▶ [WORK TO BE COMPLETED]
Leave the pictures out and transcribe every record exactly.

▶ [WORKING DATA]
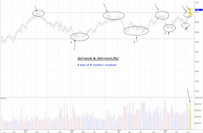But it is the chart above that helped me, over the past 3 1/2 years, to perceive this chart — as it built its setup and pattern — to be "profoundly bullish." The high level consolidation pattern betrays itself to be part of a 15 year ascending triangle. The ideal breakout from this pattern would occur approximately 42-47 months from the inception of the base, or 67-75% of the way to the apex of its pattern (June 2010), which calculates as now to March 2009; in fact, Johnson & Johnson/JNJ broke out 2 weeks ago. Remember from the first chart that JNJ made higher bottoms throughout its high level consolidation, showing, albeit subtly, that supply was slowly giving way to increasing demand for the shares. The ideal entry point in Johnson & Johnson/JNJ would be a test back to the 67-69 area, a short term price oscillation for a stock in a long term up trend and that has just broken above its major intermediate term base, but my upside objective counts as ~$125. Assuming my chart reading ability and follow-on expectation to be correct results in a downside risk of ~$5, and a possible and potential upside reward of ~$55, an 11:1 reward:risk ratio. And in a company that is about as blue as blue chips can be.
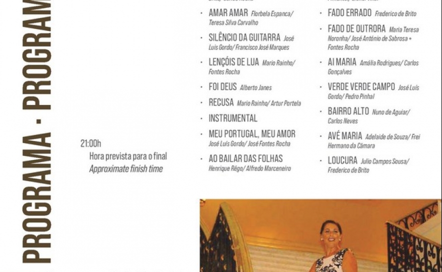 O concerto apresentará um repertório de excelência, ao longo de 75 minutos, onde se cantarão grandes temas do fado, como «Amar Amar» de Florbela Espanca e Teresa Silva Carvalho, «Ai Maria» de Amália Rodrigues e Carlos Gonçalves, «Na Boca de Toda a Gente» de Tiago Torres da Silva e Daniel Gouveia, entre muitos outros.
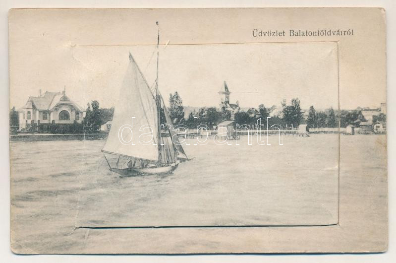 Balatonföldvár, leporellolap 10 mini képpel. Gerenday Gyula kiadása
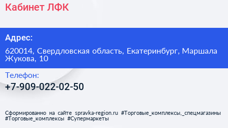 Кабинет ЛФК по адресу 620014, Свердловская область, Екатеринбург, Маршала Жукова, 10 в дальнейшем Организация, размещена в следующих категориях:
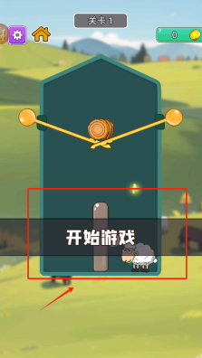 2. 来到关卡1的草地场景,点击“开始游戏”按钮,控制小羊跳过木杆和草垛。
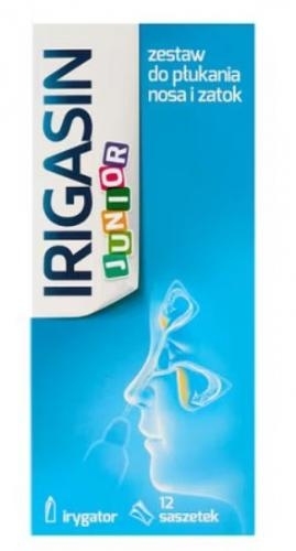 Irigasin Junior to wyrób medyczny przeznaczony do przygotowania roztworu do płukania nosa i zatok u dzieci. Zestaw składa się z dostosowanego do dzieci irygatora oraz 12 saszetek.
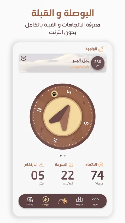 • البوصلة الاكثر دقة على الاطلاق تمكنك بكل سهولة من معرفة اتجاهات جميع المواقع المضافة.
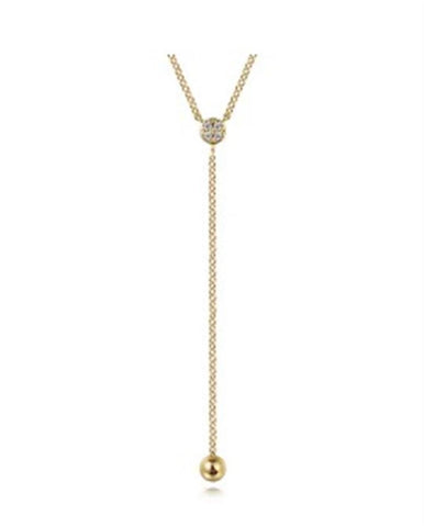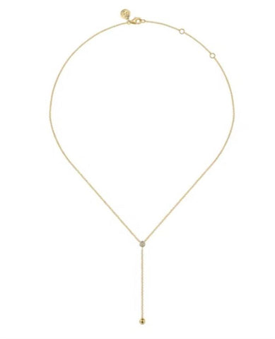 Lady's Yellow 14 Karat Bujukan Y-Knot Necklace Length 16 With 4 = 0.04TW Round I/J SI2/SI3 Diamonds Designer: Gabriel & Co

▶ [TASK ANSWER]
But it is the chart above that helped me, over the past 3 1/2 years, to perceive this chart — as it built its setup and pattern — to be "profoundly bullish." The high level consolidation pattern betrays itself to be part of a 15 year ascending triangle. The ideal breakout from this pattern would occur approximately 42-47 months from the inception of the base, or 67-75% of the way to the apex of its pattern (June 2010), which calculates as now to March 2009; in fact, Johnson & Johnson/JNJ broke out 2 weeks ago. Remember from the first chart that JNJ made higher bottoms throughout its high level consolidation, showing, albeit subtly, that supply was slowly giving way to increasing demand for the shares. The ideal entry point in Johnson & Johnson/JNJ would be a test back to the 67-69 area, a short term price oscillation for a stock in a long term up trend and that has just broken above its major intermediate term base, but my upside objective counts as ~$125. Assuming my chart reading ability and follow-on expectation to be correct results in a downside risk of ~$5, and a possible and potential upside reward of ~$55, an 11:1 reward:risk ratio. And in a company that is about as blue as blue chips can be.
 O concerto apresentará um repertório de excelência, ao longo de 75 minutos, onde se cantarão grandes temas do fado, como «Amar Amar» de Florbela Espanca e Teresa Silva Carvalho, «Ai Maria» de Amália Rodrigues e Carlos Gonçalves, «Na Boca de Toda a Gente» de Tiago Torres da Silva e Daniel Gouveia, entre muitos outros.
 Balatonföldvár, leporellolap 10 mini képpel. Gerenday Gyula kiadása
 Кабинет ЛФК по адресу 620014, Свердловская область, Екатеринбург, Маршала Жукова, 10 в дальнейшем Организация, размещена в следующих категориях:
 2. 来到关卡1的草地场景,点击“开始游戏”按钮,控制小羊跳过木杆和草垛。
 Irigasin Junior to wyrób medyczny przeznaczony do przygotowania roztworu do płukania nosa i zatok u dzieci. Zestaw składa się z dostosowanego do dzieci irygatora oraz 12 saszetek.
 • البوصلة الاكثر دقة على الاطلاق تمكنك بكل سهولة من معرفة اتجاهات جميع المواقع المضافة.
 Lady's Yellow 14 Karat Bujukan Y-Knot Necklace Length 16 With 4 = 0.04TW Round I/J SI2/SI3 Diamonds Designer: Gabriel & Co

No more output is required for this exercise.